May Explores The last couple of days, I’ve gone out by myself with my trusty map and reading glasses on explores. I love it. I love just walking straight down a street that I’ve never seen before. Everything is so crazy and different but fits just right here.
Yesterday I took pictures of some of the things I saw. When I walk around with just me I feel like my whole body is very awake. Almost tingling with awareness. I don’t know why, maybe it’s because there’s so much to be aware of that all my sense are on high alert. It’s different than walking down a street at home where you recognize and don’t need to pay attention to what you see. Everything is foreign
here so I have to process everything… and try to figure out what it is.
Yesterday evening we walked to dinner down a particularly overwhelming street and I held Ella’s hand. Whenever I glanced over at her, she was looking down at the sidewalk right in front of her. Watching out for immediate dangers but not able to take in anything else.
Sidewalks in Bangkok When I walk I have to squeeze through crowded sidewalks. The sidewalks are normal sized but on the street side, there are often carts or stalls set up selling things. On the building side, most of the stores are open right to the street and often the merchandise spills out onto little tables on the sidewalk also. So the pedestrians have to squeeze between the stores and the stalls and the people selling and stopping to browse or buy.
Anything and everything is sold on the sidewalk. Meals: noodle soup with pork balls, grilled fish, papaya salad, chicken and rice, white porridge with various additions floating in it. Clothing of all shapes and sizes: shirts, hankies, underwear, pants, flipflops and sweaters. And snacks: peanuts, cashews, fruit, popcorn, bags of green shiny jello
like fingers, roasted sweet potatoes, corn on the cob, bottled drinks to be poured into plastic bags and sipped with a straw as you walk. Much of what I see is unrecognizable and not particularly appetizing to me but doing a brisk business none the less.

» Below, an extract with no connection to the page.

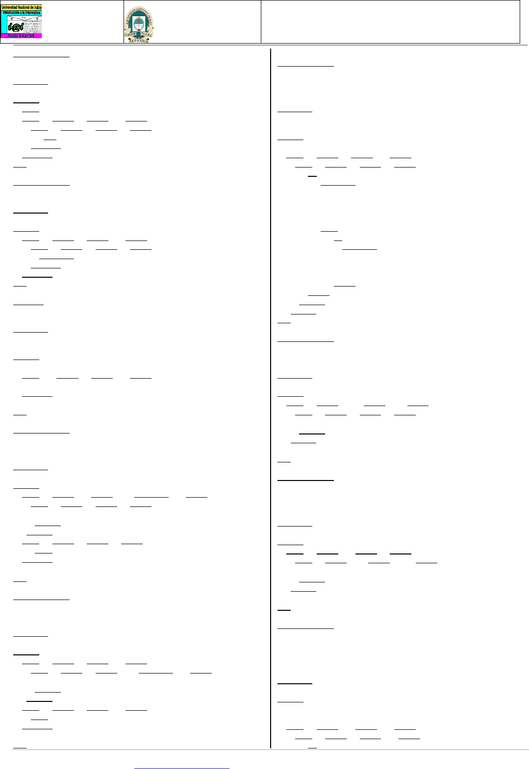 Facultad de Ingeniería de la Universidad Nacional de Jujuy Gorriti 237 - 4600 San Salvador de Jujuy - ArgentinaTel: 54-88-221577 Fax: 54-88-221579 Introducción a la informática http://virtual.unju.edu.ar pág. - 1 - INTRODUCCIÓN A LA INFORMÁTICA FACULTAD DE INGENIERÍA UNIVERSIDAD NACIONAL DE JUJUY OPERACIONES BÁSICAS CON MATRICES Procedimiento CargarMatriz (A, f, c) [Tmatriz: A parámetro por referencia] [entero: f, c parámetro por referencia] variable entero: i, j inicio leer f, c para i desde 1 hasta f hacer para j desde 1 hasta c hacer leer A(i, j) finpara finpara fin [CargarMatriz] Procedimiento MostrarMatriz (A, f, c) [Tmatriz: A parámetro por valor] [entero: f, c parámetro por valor] variable entero: i, j inicio para i desde 1 hasta f hacer para j desde 1 hasta c hacer escribir A(i, j) finpara finpara fin [MostrarMatriz] Funcion SumaFilaMatriz (A, f, c, fil): tipo base matriz [Tmatriz: A parámetro por valor] [entero: f, c, fil parámetro por valor] variable tipo base matriz: S entero: j inicio S ← 0 para j desde 1 hasta c hacer S ← S + A(fil, j) finpara SumaFilaMatriz ← S fin [SumaFilaMatriz] Procedimiento InsertarFila(A, f, c, pos) [Tmatriz: A parámetro por referencia] [entero: f parámetro por referencia] [entero: c, pos parámetro por valor] variable entero: i, j inicio para i desde f hasta pos con paso -1 hacer para j desde 1 hasta c hacer A(i+1, j) A(i, j) finpara finpara para j desde 1 hasta c hacer leer A(pos, j) finpara f f + 1 fin [InsertarFila] Procedimiento InsertarColumna(A, f, c, pos) [Tmatriz: A parámetro por referencia] [entero: c parámetro por referencia] [entero: f, pos parámetro por valor] variable entero: i, j inicio para i desde 1 hasta f hacer para j desde c hasta pos con paso -1 hacer A(i, j+1) A(i, j) finpara finpara para i desde 1 hasta f hacer leer A(i, pos) finpara c c + 1 fin [InsertarColumna] Procedimiento MaxFilCol(A, f, c, Max, maxfil, maxcol) [Tmatriz: A parámetro por valor] [entero: f, c parámetro por valor] [tipo base matriz: Max parámetro por referencia] [entero: maxfil, maxcol parámetro por referencia] variable entero: i, j lógico: band inicio band ← v para i desde 1 hasta f hacer para j desde 1 hasta c hacer si band entonces Max ← A(i, j) maxfil ← i maxcol ← j band ← f sino si A(i, j) > max entonces Max ← A(i, j) maxfil ← i maxcol ← j finsi finsi finpara finpara fin [MaxFilCol] Procedimiento EliminarFila(A, f, c, pos) [Tmatriz: A parámetro por referencia] [entero: f parámetro por referencia] [entero: c, pos parámetro por valor] variable entero: i, j inicio para i desde pos hasta f-1 hacer para j desde 1 hasta c hacer A(i, j) A(i+1, j) finpara finpara f f - 1 fin [EliminarFila] Procedimiento EliminarColumna(A, f, c, pos) [Tmatriz: A parámetro por referencia] [entero: f parámetro por valor] [entero: c parámetro por referencia] [entero: pos parámetro por valor] variable entero: i, j inicio para i desde 1 hasta f hacer para j desde pos hasta c -1 hacer A(i, j) A(i, j+1) finpara finpara c c - 1 fin [EliminarColumna] Procedimiento Buscar_X_Mat (A, f, c, X, xfil ,xcol) [Tmatriz: A parámetro por valor] [entero: f parámetro por valor] [entero: c parámetro por valor] [tipo de dato de la matriz: X parámetro por valor] [entero: xfil, xcol parámetro por referencia] variable entero: i, j inicio xfil ← 0 xcol ← 0 para i desde 1 hasta f hacer para j desde1 hasta c hacer si A(i, j) = X Facultad de Ingeniería de la Universidad Nacional de Jujuy Gorriti 237 - 4600 San Salvador de Jujuy - ArgentinaTel: 54-88-221577 Fax: 54-88-221579 Introducción a la informática http://virtual.unju.edu.ar pág. - 2 - INTRODUCCIÓN A LA INFORMÁTICA FACULTAD DE INGENIERÍA UNIVERSIDAD NACIONAL DE JUJUY OPERACIONES BÁSICAS CON MATRICES entonces xfil ← i xcol ← j finsi finpara finpara fin [Buscar_X_Mat] Procedimiento Agregar_Fila(A, f, c) [Tmatriz: A parámetro por referencia] [entero: f parámetro por referencia] [entero: c parámetro por valor] variable entero: i, j inicio para j desde 1 hasta c hacer leer A(f+1, j) finpara f f + 1 fin [Agregar_Fila] Procedimiento Agregar_Columna (A, f, c) [Tmatriz: A parámetro por referencia] [entero: f parámetro por valor] [entero: c parámetro por referencia] variable entero: i, j inicio para i desde 1 hasta f hacer leer A(i, c+1) finpara c c + 1 fin [Agregar_Columna] Procedimiento BuscarPrimoSec (A, f, c, xfil , xcol) [Tmatriz: A parámetro por valor] [entero: f parámetro por valor] [entero: c parámetro por valor] [entero: xfil, xcol parámetro por referencia] variable entero: i, j inicio xfil ← 0 xcol ← 0 para i desde 1 hasta f hacer para j desde1 hasta c hacer si Primo (A(i, j)) entonces xfil ← i xcol ← j finsi finpara finpara fin [BuscarPrimoSec] Procedimiento BuscarPrimoMejorado (A, f, c, xfil , xcol) [Tmatriz: A parámetro por valor] [entero: f, c parámetro por valor] [entero: xfil, xcol parámetro por referencia] variable entero: i, j logico: encontrado inicio xfil ← 0 xcol ← 0 i ←1 encontrado ← f mientras (i <= f) Y no encontrado hacer j ← 1 mientras (j<=c) Y no encontrado hacer si Primo (A(i, j)) entonces xfil ← i xcol ← j encontrado ← v sino j ← j +1 finsi finmientras i ← i +1 finmientras fin [BuscarPrimoMejorado]

Look at the pictures and then add the sound of traffic and chatter of passers by and the smell of exhaust and strange fish and the feel of hot humidity and sweat and you’ll have maybe what I feel as I explore.
More on Bangkok, by Paul Khao San Rd. What May describes is accurate. Much of Bangkok is fascinatingly Thai. But there’s also this funny tourist world as well, a place called Khao San Rd.
Khao San Rd. is famous as probably the backpacker center of the world. It’s a street a couple of blocks long (surrounded on either side by a couple of blocks more) of everything that a young, grungy, 18-25 year-old might want when coming to Asia for the first time.
And it’s packed - at night literally packed - with what the Thai call “bird-shit foreigners” (because everyone is so grungy and dirty and
Eating Phad Thai
We sometimes ate Phad Thai (Thai fried noodles) on the street - yummy, but sweaty. sloppy). I don’t mean to be negative about these folks - I was one not too long ago, and they’ll all probably end up being high-achieving, responsible folks in Copenhagen or Melbourne or San Francisco or Tel Aviv….
I guess most young people coming to Southeast Asia fly into Bangkok - it’s cheap, and Thailand is easier to manage than all of the countries around it.
And they all come to Khao San Rd, or the area around it. On Khao San Rd. you can find anything you want: fake IDs, fake dreadlocks, fake tattoos, used bookstores, uncountable clever T-shirts, uncountable stalls selling hippie clothes and hippie necklaces, pirated CDs / DVDs / computer programs, Thai street food (phad thai mostly), tourist restaurants selling tame Thai food and Western food, buckets of rum / Coke / Red Bull (or any other mixture you want), cheap beers, tacky souvenirs, McDonald’s / Burger King / Subway / Starbucks…. At night it’s just packed. It’s kind of fun, in a way, like a big party.
All you have to do is walk 2 blocks in either direction to find what May describes. It’s odd, a bit surreal. I like it.
Sights in Bangkok. We’ve done a lot in Bangkok, compared to Ubud (Bali). Ubud was a little town: totally pleasant, but not much to do. Bangkok is a megalopolis, with far too much to ever see in one trip. We’ve hit the highlights, though.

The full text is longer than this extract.